The third process is brand new. Python booted from scratch. The agent still knows your name and your package manager because Mem0 persisted those facts to disk and the rules file told the agent to surface them.
LangGraph + SqliteSaver persisted the message thread for thread_id="main". If the third turn was on the same thread, it picked up the prior messages list. (Note: this lab passes messages: [] on every invoke() because we want each turn to be self-contained; the saver still tracks every step for replay.)

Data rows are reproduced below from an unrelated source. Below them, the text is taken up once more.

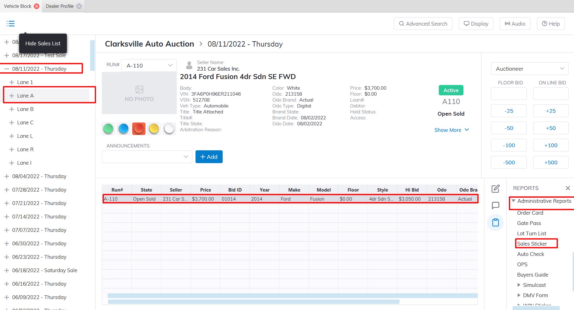 The Vehicle Block application> Reports > Administrative Reports > Sales Sticker
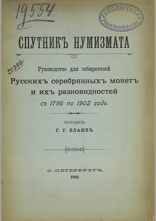 Спутник нумизмата : руководство для собирателей русских серебряных монет и их разновидностей с 1796 по 1902 год / составитель Г. Г. Бланк. — Санкт-Петербург : Типография Г. Шахт и Ко, 1902. — 69 с.: табл.
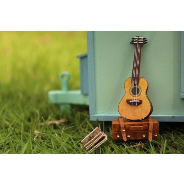 本商品はミニチュアのドールハウスの手作りキットになります。アコースティックギターや壁の色合いなどがカントリーフレンチ風の魅力的なお部屋です。繊細でリアルな小物が可愛い♪ライトは実際に点灯します。
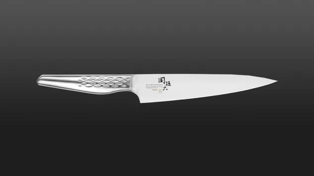 Das Shoso Allzweckmesser hat eine rostfreie Klinge mit einer Stahlhärte von 58 HRC. Der ergonomisch geformte Griff des Shoso Allzweckmessers mit dem Rautenmuster liegt angenehm in der Hand.
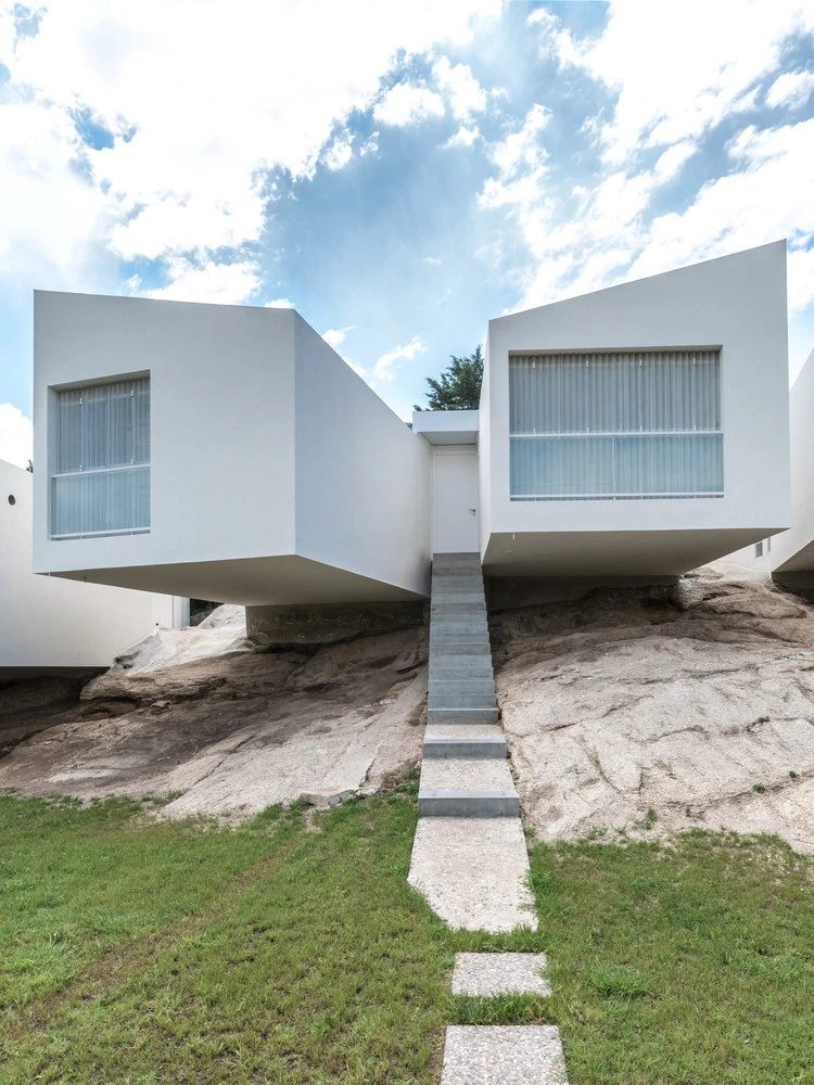 Sin embargo, en lugar de optar por una nivelación de la parcela, con el consiguiente impacto en un entorno con abundante vegetación, el problema se sorteó asentando las viviendas en voladizo sobre la roca. La decisión de aprovechar la topografía natural del lugar y la consiguiente sobreelevación potenció, además, unas mejores vistas sobre el lago San Roque desde el interior de cada hogar.
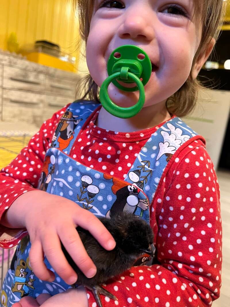 Heute haben wir erst mal alle Küken geknuddelt. An dem Morgen waren alle Küken schon schön flauschig und ganz weich.
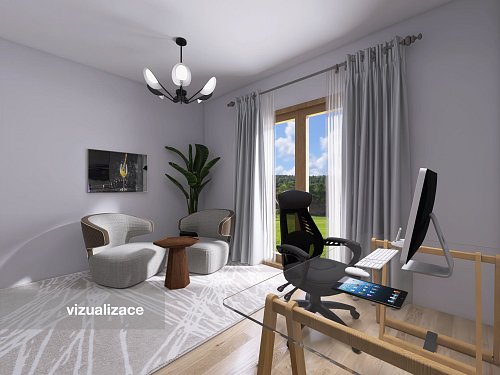 Je zde možnost instalace krbu nebo krbových kamen (na místě v obývacím pokoji, kde je zesílená podlaha).
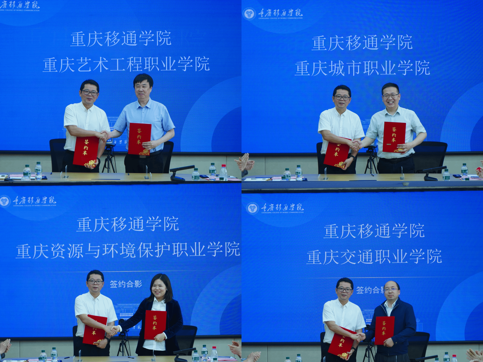 签约仪式上,四所院校代表围绕资源共享、优势互补展开研讨并达成共识。重庆艺术工程职业学院副校长陈和平高度认可我校产教融合与创新育人模式,表示将优化选拔机制推动培养方案落地;重庆城市职业学院副校长杨敏赞赏我校软硬件实力强,提议加强经验互鉴;重庆资源与环境保护职业学院校长助理王琴香强调将依托我校大数据专业优势深化合作;重庆交通职业学院教研室主任李煜果提出以数字媒体技术等专业为抓手,协同推进学生就业。各方一致表示将深化协作,共同夯实协同育人基础。
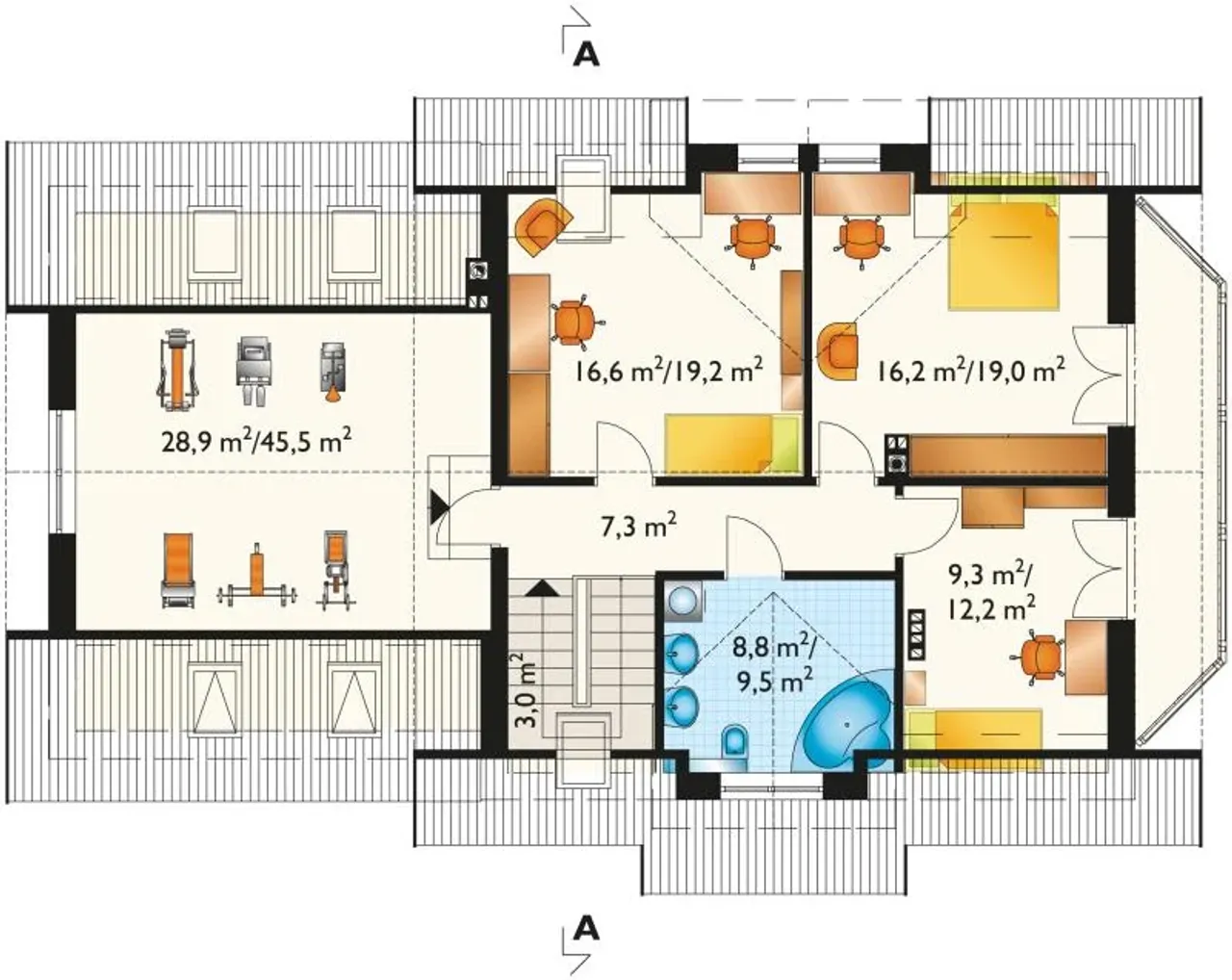 - rzuty wszystkich kondygnacji- pokazuje rozmieszczenie poszczególnych pomieszczeń i ich wymiary, powierzchnie, rozmieszczenie ścian, rozmieszczenie otworów drzwiowych, okiennych, urządzeń kuchennych i sanitarnych

Mem0 extracted "user is Rayyan" and "user prefers pnpm" from turn 1, stored them under user_id="ray", and turn 3's load_context pulled them back in. This is the layer that survives a deleted SQLite file.

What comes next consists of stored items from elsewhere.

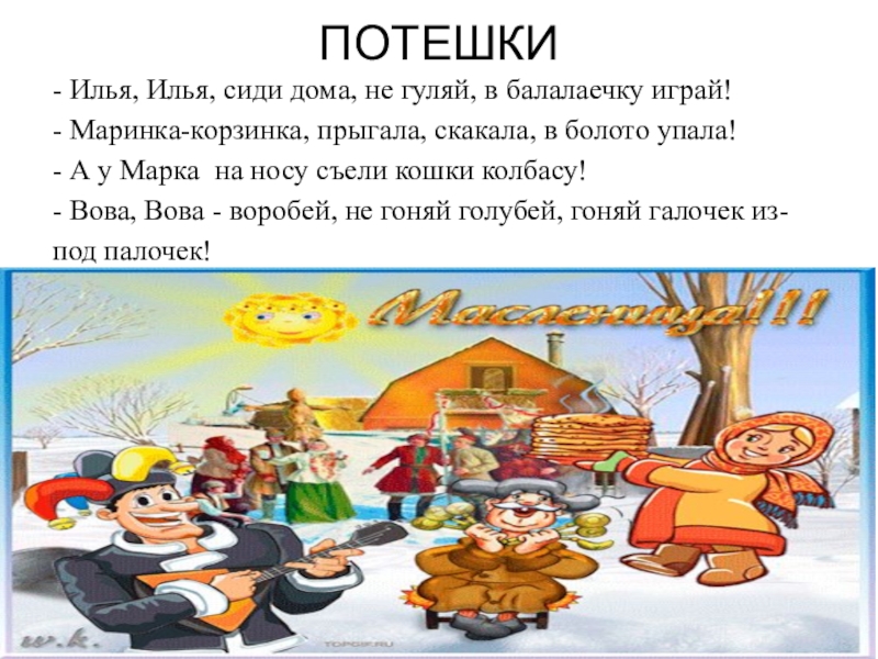 ПОТЕШКИ- Илья, Илья, сиди дома, не гуляй, в балалаечку играй! - Маринка-корзинка, прыгала, скакала, в болото упала!
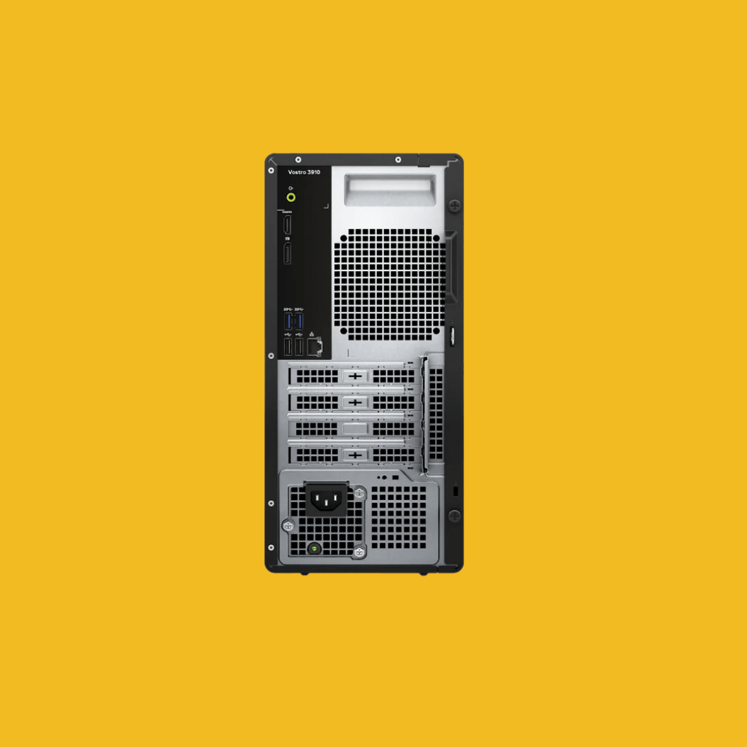The Dell Vostro 3910 PC features a sleek, professional design that fits seamlessly into any workspace. Its compact form factor saves desk space while maintaining efficient airflow and cooling. The durable build quality ensures the system withstands daily use, making it a reliable desktop for long hours of operation in both office and home environments.
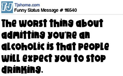 - # 154082 I think the Worst Part about admitting you are an Alcoholic ..is People expect you to Quit Drinking.

rules.md was re-read on every turn. Change a rule, the next turn obeys the new rule. No restart, no re-deploy, no embedding refresh.

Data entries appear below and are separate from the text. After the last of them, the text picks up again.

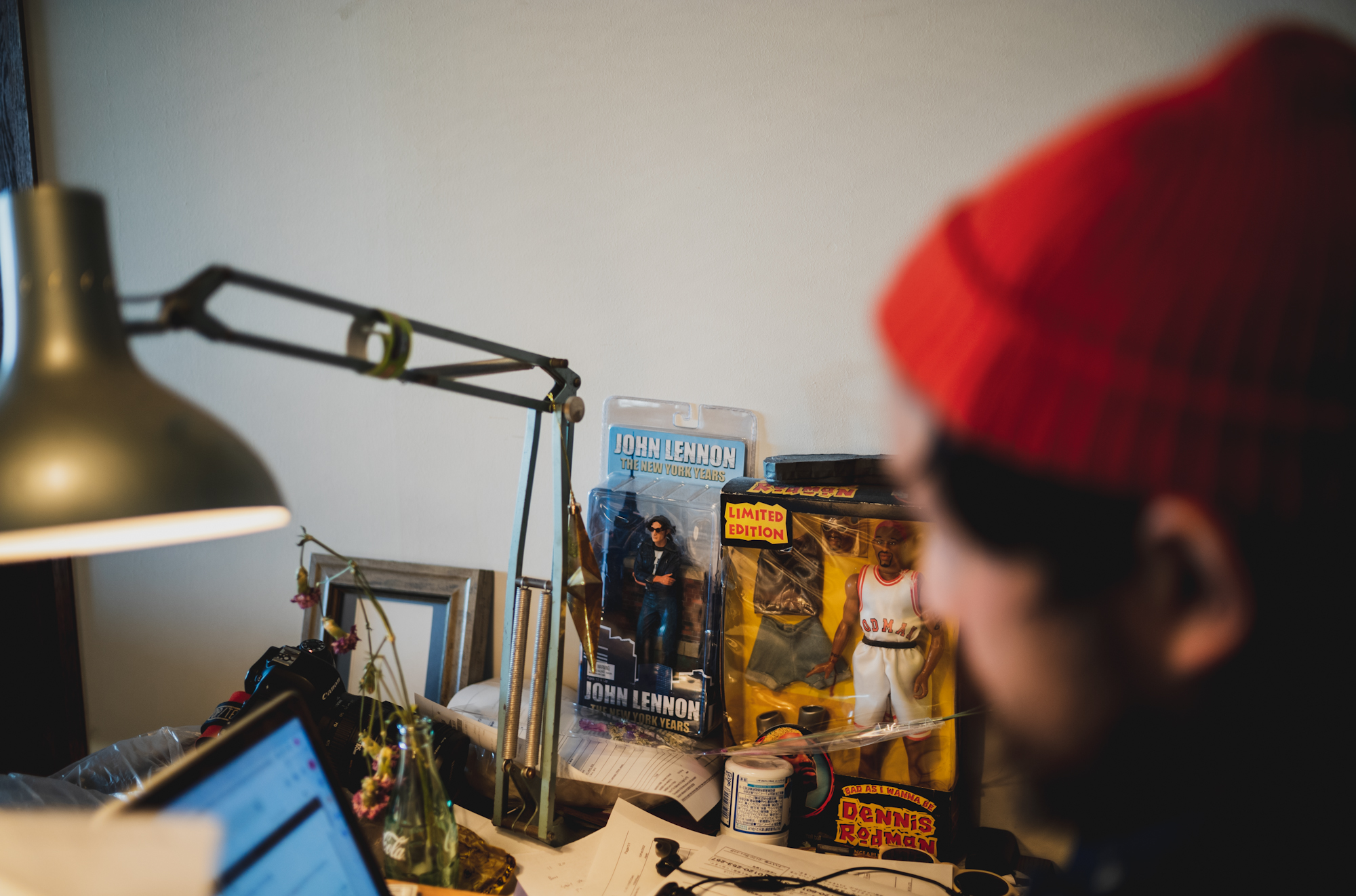 彼のデスクは子供部屋?部室?を彷彿させる雰囲気で彼の働きぶりをJohn LennonとDennis Rodmanのフィギュアが見守ってます。
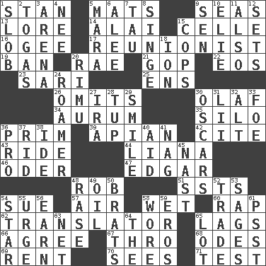 ACROSS 1. Comedian Laurel of Laurel & Hardy 5. Floor protectors 9. Oceans 13. Old wives' tales, e.g. 14. Jai _ 15. Cell (Danish) 16. Double curve, resembling the letter S 17. One who advocates reunion 19. Prohibit 20. Actress Charlotte 21. Republican Party 22. Greek goddess of the dawn 23. Indian skirt 25. Followers of ems 26. Leaves out 30. Norwegian king 34. Gold (Symbol: Au) 35. Grain storage tower 36. Demure 39. Bee-related 42. Quote 43. Travel on an animal 44. Climbing, woody, usually tropical vines 46. Baltic tributary 47. _ Allan Poe 48. Director Reiner 51. Fast planes 54. Institute legal proceedings 57. Atmosphere 58. Dripping 60. Strike 62. Interpreter 65. Falls behind 66. Match 67. Through, poetically 68. Lyric poems 69. Monthly bill 70. Perceives with the eye 71. Trial DOWN 1. Messy guy 2. Ancient Roman robes 3. Sports stadium 4. Born 5. Hindu Mythology: god of death 6. Toward shelter 7. The 19th letter of the Greek alphabet 8. Scorch 9. Elected rep. 10. Writer Wiesel 11. In addition 12. Arranges properly for use 15. 911 reaches them 18. Electrically charged atom 20. Tall New Zealand timber tree 24. Wanderer 27. Lyricist Gershwin 28. Uncastrated adult male sheep 29. Grin 30. Motion picture awards 31. Cards in a Roman deck? 32. Keyboard modifier key 33. Enemy 36. Adept person 37. To free from 38. Binary compound 40. Help 41. Tired old horse 45. Political cartoonist Thomas 48. To erase 49. Lubricate 50. Naughty children 52. Buy and sell 53. Gurus 54. Play the lead 55. Goad 56. Merit 58. Had on 59. Greek god of love 61. Inconspicuous attention getter 63. Fish or hair follower 64. Definite Article 65. Car dealer's back yard
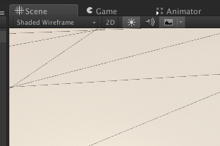 Now, We can get a bit granular and discuss Triangles and Verts. You may or may not know this, but by default (Because of OpenGL) Unity will convert all of your models to triangles. So even if you use a Quad or nGon based approach to modeling in your modeling tool, Unity will for the most part throw that information right out and force your geometry into a triangulated mode. (There are some exceptions to this, but for the most part we will assume you are not in that camp.) So for every square plane that needs to be rendered, Unity will actually render 2 triangles. You can get a sense of how Unity does this by changing your “Shading Mode” options in the Editor/Scene window to either “Wireframe” or “Shaded Wireframe”. Once you change your shading mode, you will now see what Unity is actually rendering.
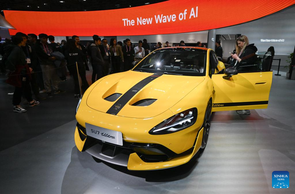 BARCELONA, 5 marzo, 2026 (Xinhua) -- Personas observan un vehículo exhibido en el estand de Xiaomi durante el Congreso Mundial de Móviles (MWC, por sus siglas en inglés) 2026, en Barcelona, España, el 5 de marzo de 2026. El MWC 2026 concluyó aquí el jueves. (Xinhua/Cheng Min)

Most production agent failures are confusion about which layer should hold what. "Why did my agent forget my preferences?" usually means the preferences were stored in graph state (gone on restart) instead of in a Mem0-style layer. "Why is my agent ignoring the rule I just added?" usually means the rule is in graph state instead of a rules file that gets re-read.
The rule of thumb: if it survives a deleted SQLite, it is Mem0/Letta/Zep. If it survives a deleted Mem0 store, it is your rules file in git. If it does not survive Ctrl-C, it never made it past graph state.
Agent reintroduces itself every turn. Mem0 takes a beat on first add() to download embedding models. Run turn 1 once and wait a few seconds before turn 2. Subsequent runs are fast.
Rules.md not found. The path is computed relative to agent.py. Run from the same directory or change RULES_PATH to an absolute path.
Mem0 stored the entire transcript instead of facts. Mem0 extracts opportunistically; not every add() yields a fact. Use m.get_all(user_id="ray") to inspect what stuck. If you want stricter control, pass infer=False to add() and provide the canonical fact text yourself.